Dynastat

Dynastat Drug Interactions

parecoxib

Manufacturer:

Pfizer

Distributor:

Zuellig Pharma
Full Prescribing Info
Drug Interactions
General: The drug interaction studies were performed with either parecoxib or the active moiety (valdecoxib).
In humans, parecoxib undergoes extensive hepatic metabolism involving P450 isoenzymes 3A4 and 2C9, and non-P450 dependent pathways (i.e., glucuronidation). Concomitant administration of parecoxib with known CYP 3A4 and 2C9 inhibitors can result in increased AUC of parecoxib.
Drug-Specific: Interaction of parecoxib with warfarin or similar agents: See Precautions.
Fluconazole and ketoconazole: Co-administration of fluconazole, a CYP2C9 inhibitor, and ketoconazole, a CYP3A4 inhibitor, enhanced the AUC of valdecoxib by 62% and 38%, respectively. When parecoxib is co-administered with fluconazole, the lowest recommended dose of parecoxib should be used. No dosage adjustment is necessary when parecoxib is co-administered with ketoconazole (see Dosage & Administration).
Anti-hypertensives including ACE-inhibitors, angiotensin II antagonists, beta blockers and diuretics: Inhibition of prostaglandins may diminish the effect of angiotensin converting enzyme (ACE) inhibitors, angiotensin II antagonists, beta-blockers and diuretics. This interaction should be given consideration in patients receiving parecoxib concomitantly with ACE-inhibitors, angiotensin II antagonists, beta-blockers and diuretics.
In patients who are elderly, volume-depleted (including those on diuretic therapy), or with compromised renal function, co-administration of NSAIDs, including selective COX-2 inhibitors, with ACE inhibitors and/or angiotensin II antagonists, may result in deterioration of renal function, including possible acute renal failure. These effects are usually reversible.
Therefore, the concomitant administration of these drugs should be done with caution. Patients should be adequately hydrated and the need to monitor the renal function should be assessed at the beginning of the concomitant treatment and periodically thereafter.
Diuretics: Clinical studies have shown that NSAIDs, in some patients, can reduce the natriuretic effect of furosemide and thiazides by inhibition of renal prostaglandin synthesis.
Cyclosporine: Because of their effect on renal prostaglandins, NSAIDs may increase the risk of nephrotoxicity with cyclosporine.
Methotrexate: A pharmacokinetic interaction study was conducted using valdecoxib and methotrexate and no clinically important interactions were seen. However, caution is advised when methotrexate is administered concurrently with NSAIDs, because NSAID administration may result in increased plasma levels of methotrexate.
Lithium: Valdecoxib produced significant decreases in lithium serum clearance (25%) and renal clearance (30%) resulting in a 34% higher serum AUC compared to lithium alone.
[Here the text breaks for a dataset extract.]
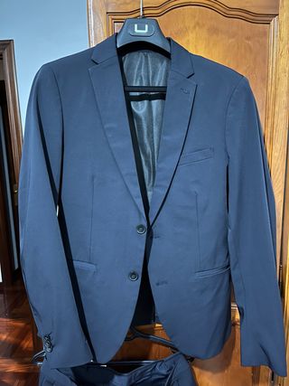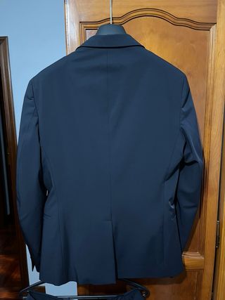 Traje de chaqueta y pantalón de color azul marino. - Chaqueta de corte moderno. - Cierre de dos botones. - Bolsillo de ojal en el pecho. - Bolsillos laterales con solapa. - Puño con tres botones. La talla de la chaqueta es la 46 y la del pantalón la 42 (el pantalón está cogido el bajo para que quede a la altura del tobillo)

Lithium serum concentrations should be monitored closely when initiating or changing parecoxib therapy in patients receiving lithium.
Other: Interaction studies were conducted between parecoxib and IV or oral midazolam, heparin, propofol, fentanyl, and alfentanil. Interaction studies were also conducted between valdecoxib and glibenclamide (glyburide), oral contraceptives (ethinyl oestradiol/norethindrone), phenytoin, omeprazole and diazepam. No clinically important interactions were seen in these studies.
Parecoxib may be co-administered with opioid analgesics. In clinical trials, the daily requirement for PRN opioids was significantly reduced when co-administered with parecoxib.
No formal interaction studies were performed with parecoxib and inhalation anaesthetic agents, such as nitrous oxide and isoflurane; however, no evidence of a drug interaction was observed in clinical studies.
Parecoxib does not interfere with the anti-platelet effect of low-dose aspirin. Clinical trials indicate that parecoxib can be given with low-dose aspirin (≤325 mg). In the submitted studies, as with other NSAIDs, an increased risk of gastrointestinal ulceration or other gastrointestinal complications compared to use of parecoxib alone was shown for concomitant administration of low-dose aspirin. Because of its lack of platelet effects, parecoxib is not a replacement for aspirin in the prophylactic treatment of cardiovascular disease.
Co-administration of NSAIDs and cyclosporine or tacrolimus has been suggested to increase the nephrotoxic effect of cyclosporine and tacrolimus. Renal function should be monitored when parecoxib and any of these medicinal products are co-administered.
Treatment with valdecoxib (40 mg twice daily for 7 days) produced a 3-fold increase in plasma concentrations of dextromethorphan (CYP2D6 substrate). Therefore, caution should be observed when co-administering parecoxib and medicinal products that are predominantly metabolised by CYP2D6 and which have narrow therapeutic margins (e.g., flecainide, propafenone, metoprolol).